Analyst Reveals Apple and Tesla Face Major Risks from Trump’s Tariffs
In a recent analysis, Wedbush Securities analyst Dan Ives has sharply revised his price targets for two major tech companies, Apple and Tesla. This adjustment comes as President Trump’s tariffs raise concerns about potential disruptions to these businesses. The impact of these tariffs could lead to significant changes in how these companies operate, particularly with their strong ties to China.

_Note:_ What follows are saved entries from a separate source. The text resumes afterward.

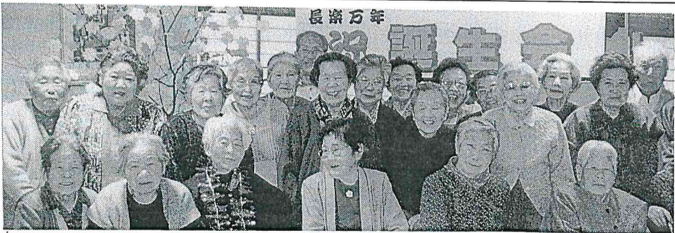
▲ある日のデイ・サービス・笑顔がいっぱい

毎週一回のデイ・サービスが待ち遠しくて、その日は朝からうきうきしています。食事やおしゃべり、いろいろな習いごとや物づくりが楽しめます。また、職員さんがやさしくて親切。バスの運転手さんに至るまで、乗り降りの時でもやさしく声をかけてくれます。ゲームで体を動かしたり、友達と話したりしていると、一日があっという間に過ぎてしまいます。近所の方にも誘ってあげると「早よう来りゃ」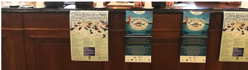
Nella foto la conferenza stampa di presentazione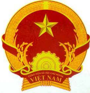
Quốc huy nước Cộng hòa XHCN Việt Nam

Impact of Tariffs on Apple
Ives highlighted that the tariffs represent an “economic Armageddon” for Apple, primarily due to the company’s extensive production in China. He stated, “In our view, no U.S. tech company is more negatively impacted by these tariffs than Apple, with 90% of iPhones produced and assembled in China.”
Revised Price Target for Apple
- Price target cut from $325 to $250 per share
- Current share price: $180, a drop of 4.3%
Effects on Tesla’s Valuation
Similarly, Ives reduced his target for Tesla, lowering it from $550 to $315. Despite this adjustment, the new target remains significantly above Tesla’s current trading price of approximately $233.94 as of 2:10 p.m. ET.

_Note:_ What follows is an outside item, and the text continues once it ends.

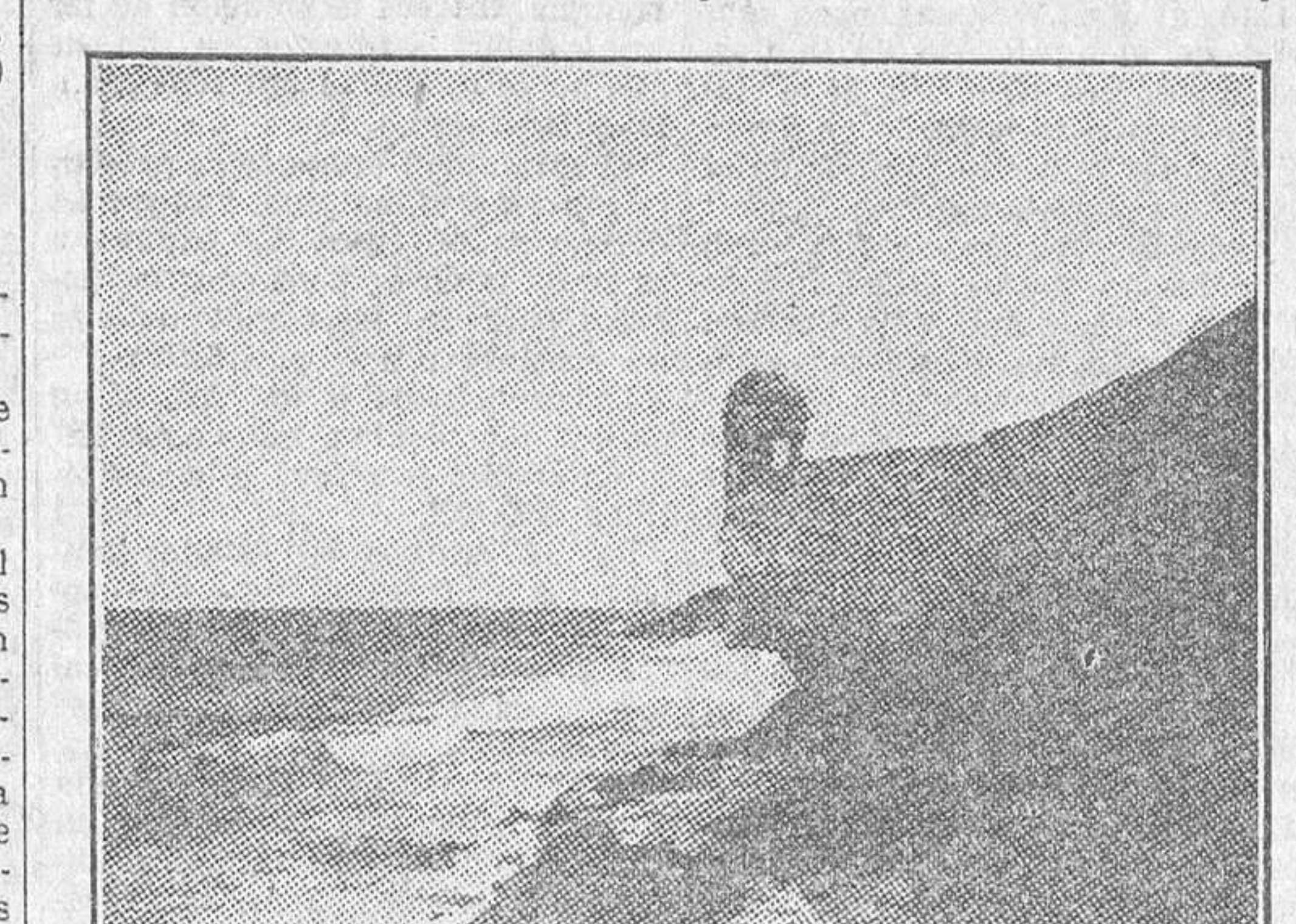
SAN JUAN DE PUERTO RICO.—La Garita del Diablo

Dejamos, afortunadamente, el «Guanánamo», un barquichuelo horrible que hace la travesía entre Santiago de Cuba y Santo Domingo. Un barco pésimo, donde, por el calvario de unas horas de mar, se le cobra al pasajero casi lo mismo que por venir a España. Esta otra nave que nos recoge, a media noche, en el río dominicano y nos pone a la mañana siguiente en el puerto de San Juan de Puerto Rico, es un poco menos incómoda. No tiene fanfarrias de caporal marino que ha llevado en su vientre maderas

Factors Influencing Tesla’s Price Cut
Beyond tariffs, Ives pointed out that CEO Elon Musk’s political affiliations are also contributing to a brand crisis for Tesla. His connections with Trump and the associated tariff policies are causing a decline in sales both in the U.S. and Europe. This situation may further push Chinese consumers towards domestic brands like BYD.
Market Reaction
Following these announcements, Tesla’s shares experienced a decline of nearly 10% compared to Friday’s closing price, although there has been a slight recovery as of Monday afternoon.
Conclusion
As both Apple and Tesla navigate these turbulent times, the impact of international trade policies and political dynamics will be crucial for their future. Investors are advised to stay informed about these developments, as they could significantly affect market performance.